Tuesday, May 19, 2009

gardening. groundedness. God.


i've been having conversations about gardening with several friends lately. about our obsession with putting things in the ground, watering them, tending them, waiting for them to yield their fruits. and i've been thinking about how, when things are difficult, when i feel down, when i feel overwhelmed, i turn to my garden. it seems so cliche, but i think there is truth in the idea of the therapeutic power of a garden.


in one of these conversations, a friend said that he thinks gardening is holy. and i think he's right.

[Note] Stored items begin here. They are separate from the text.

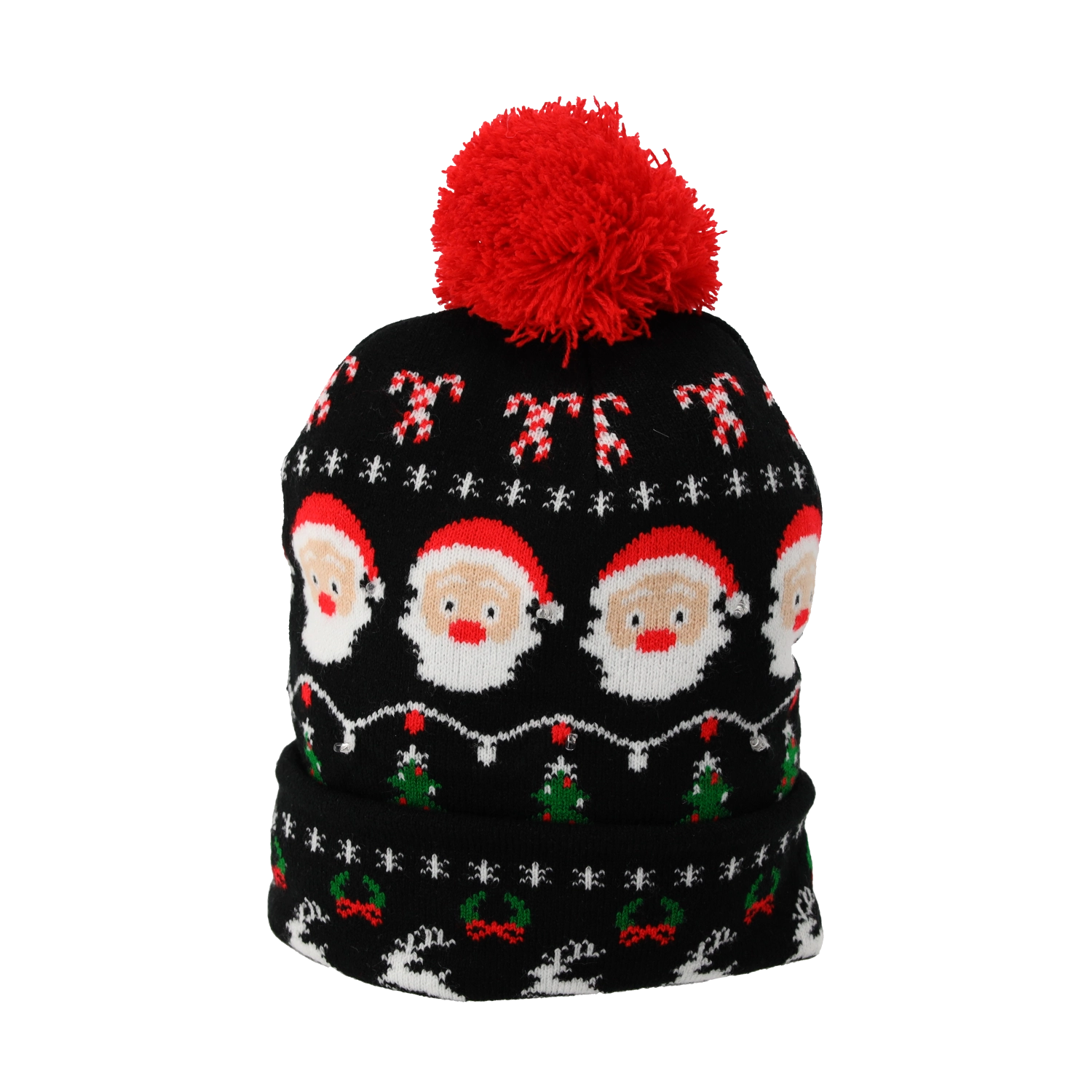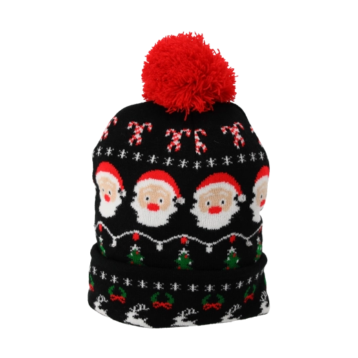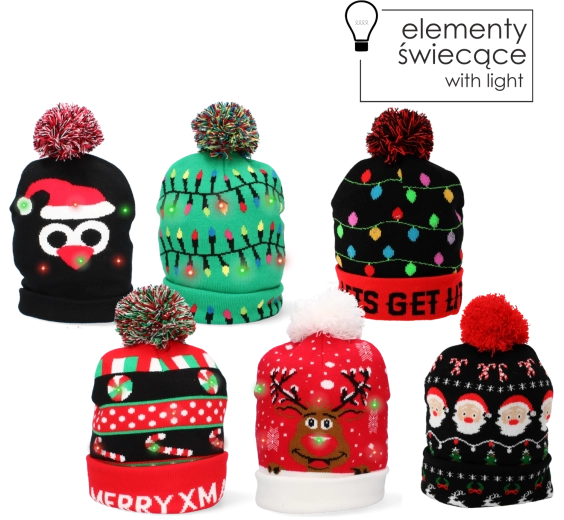 Od reniferów i Mikołaja po świetlne girlandy i napisy MERRY XMAS – zestaw ośmiu czapek oferuje różnorodne motywy na różne style i okazje.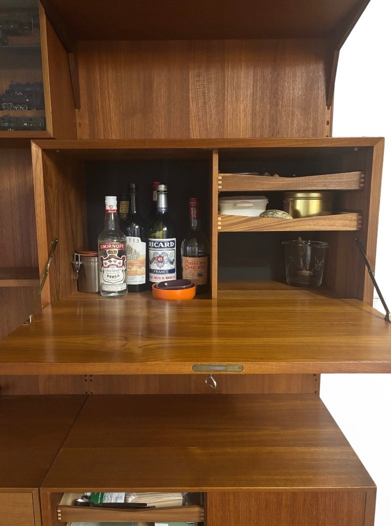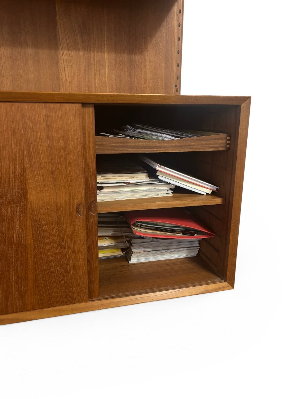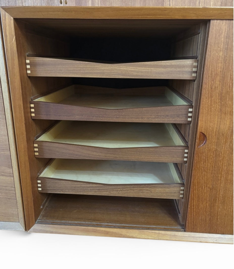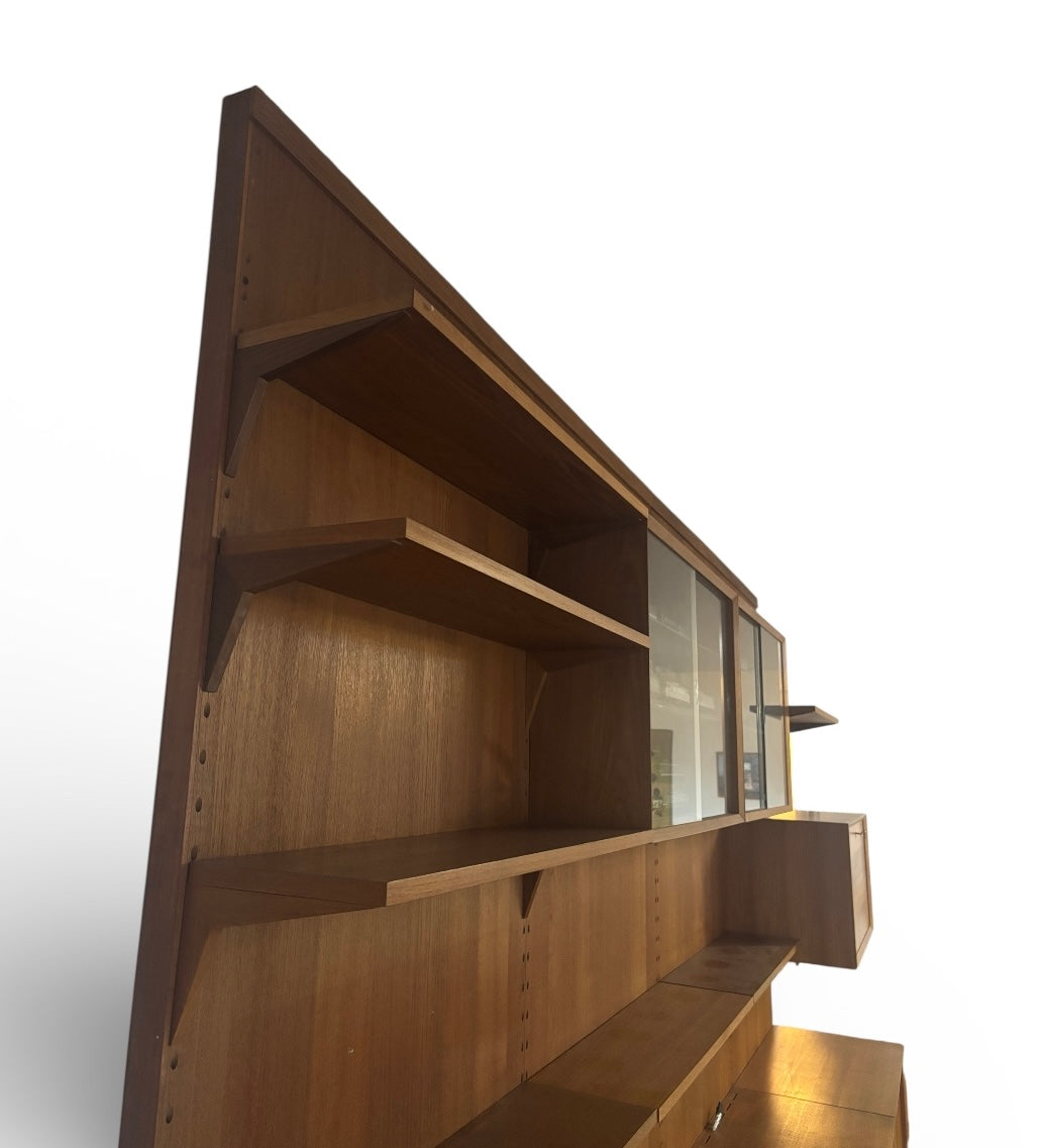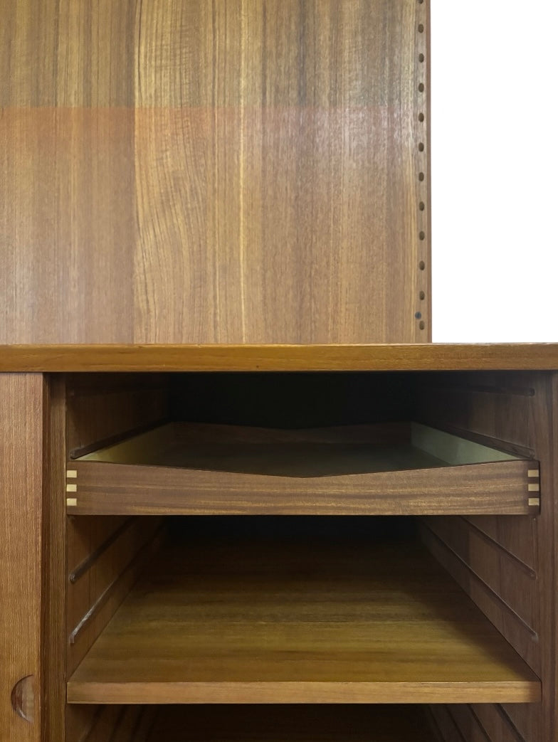 Système mural modulable emblématique du design danois, conçu en 1959 par Poul Cadovius et édité par Cado. Réalisé en teck, il se compose de 4 panneaux muraux accueillant, grâce à des équerres, 7 étagères et 5 caissons. L’ensemble comprend également 2 caissons à portes coulissantes vitrées, avec étagères en verre, offrant un équilibre parfait entre rangement fermé et présentation. La modularité permet une composition élégante et fonctionnelle, idéale pour un salon, un bureau ou une bibliothèque.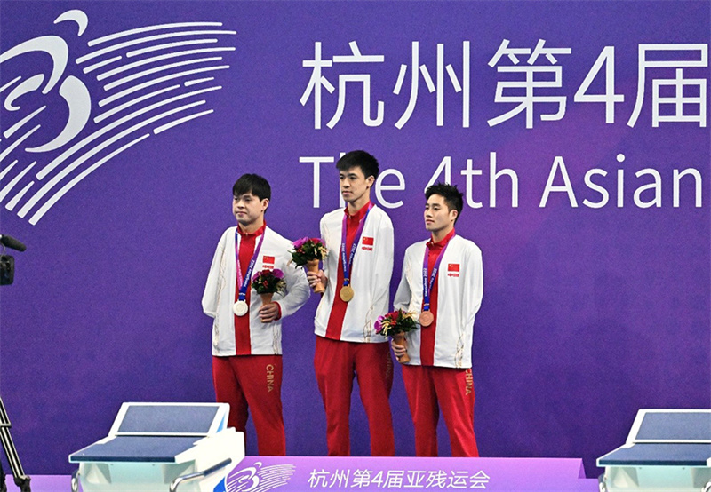 10月23日,杭州第4屆亞殘運會開幕后的首個比賽日,杭州本土選手徐海蛟在男子400米自由泳—S8決賽和男子200米個人混合泳—SM8決賽項目中,勇奪兩枚金牌。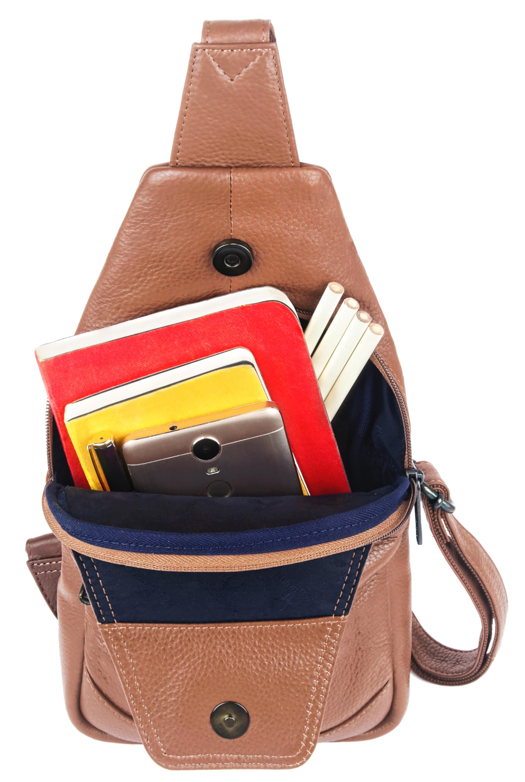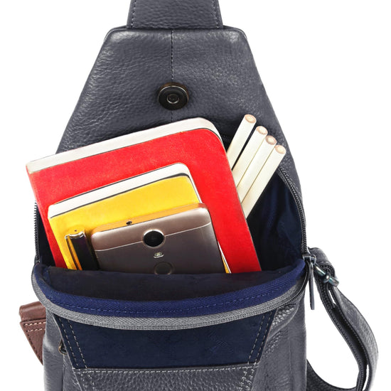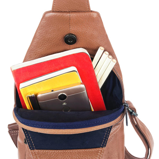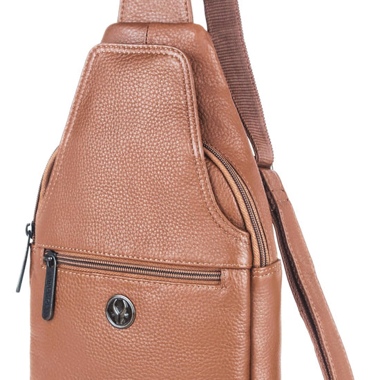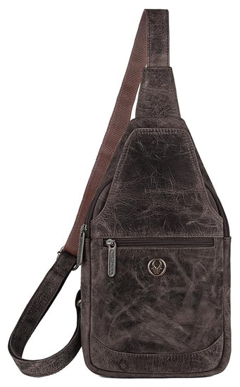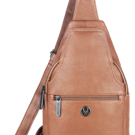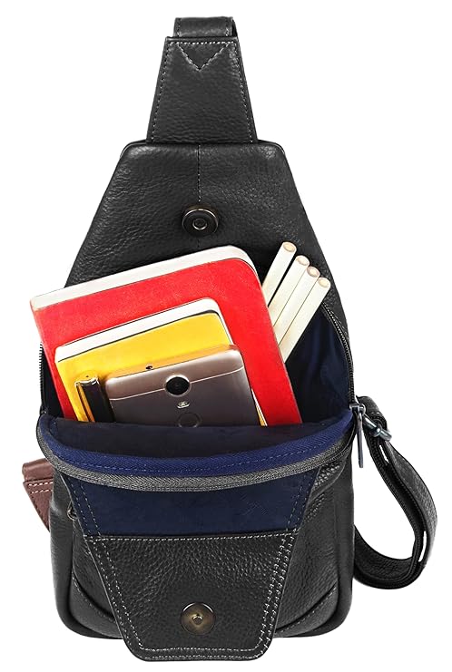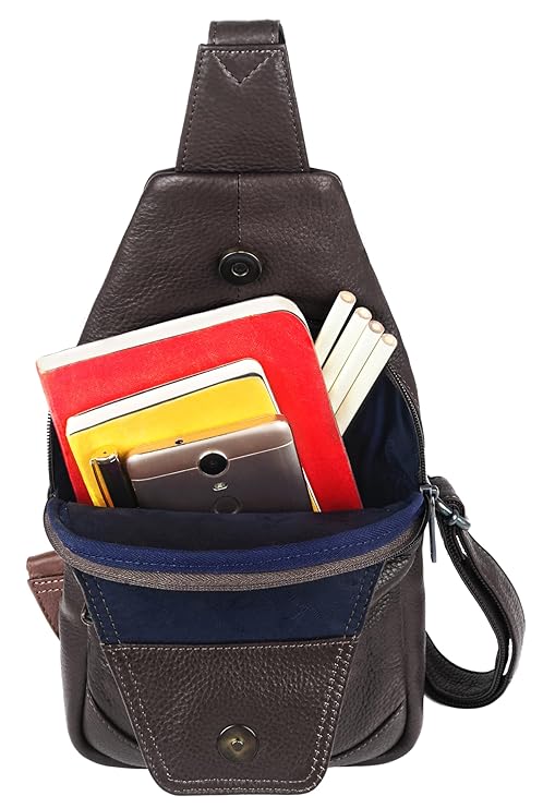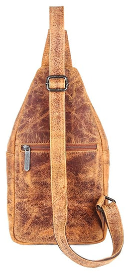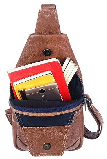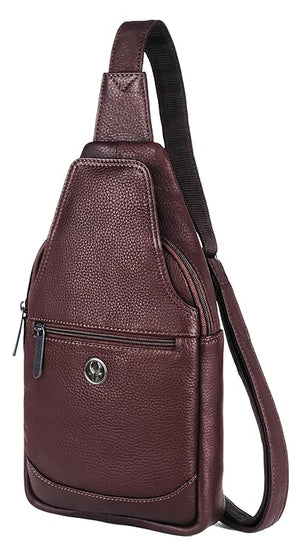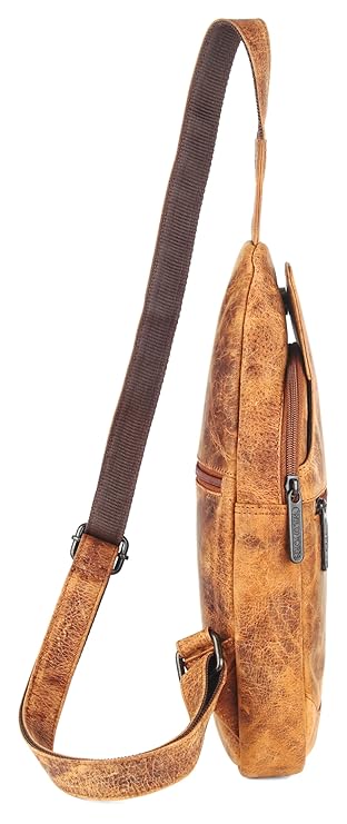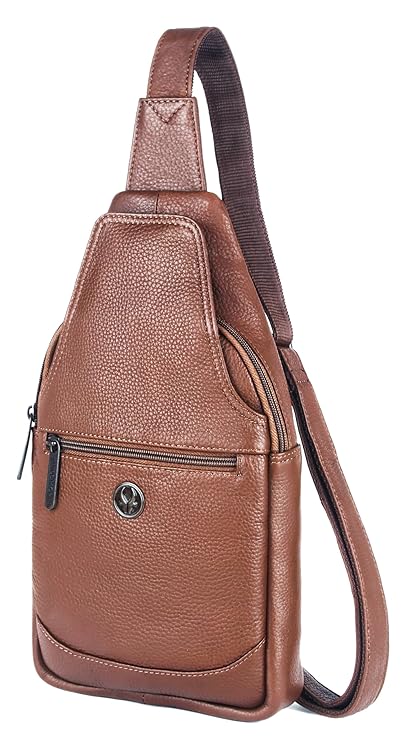 - MATERIAL: 100% Genuine Leather. The sling bag is made of high-quality full-grain leather with a durable and ergonomic design.
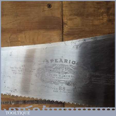 Superb Vintage 26” Spear & Jackson No: 88 superior 7 tpi cross cut handsaw in great used condition. Manufacturer at the time when they their reputation was at its height, and not to be confused with what they produce today.

i've been thinking about how, when i garden, i feel a satisfaction in taking a task from start to finish and in being able to see the results of my labor. i feel a connectedness to people as i consider the produce that will grow from what i plant and how i can use that to feed my friends. i feel a closeness to God as i consider how He is a gardener of souls and how He set adam and eve to the task of gardening and caring for the animals in eden. at the end of a day of working on my garden, i feel like things are more right in my world.

it's amazing the joy i feel as i watch my peas add length to their vines and climb the tripods i made for them, as i watch my bean plants begin to blossom in anticipation of the beans they will produce, and as i watch little tiny beet sprouts emerge from the dirt i sprinkled seeds in just days before. and i think about how this all requires patience. about how i have to keep tending my garden until late june or early july before i'll get to eat anything grown from these plants.

i guess, really, i'm grateful to God for the gift of gardening. it wears me out, it produces real joy, and it teaches me a little something about the care He takes with me. the joy He must feel when my soul shows a little growth or a small blossom emerges. and it helps me to take heart, even when life seems overwhelming.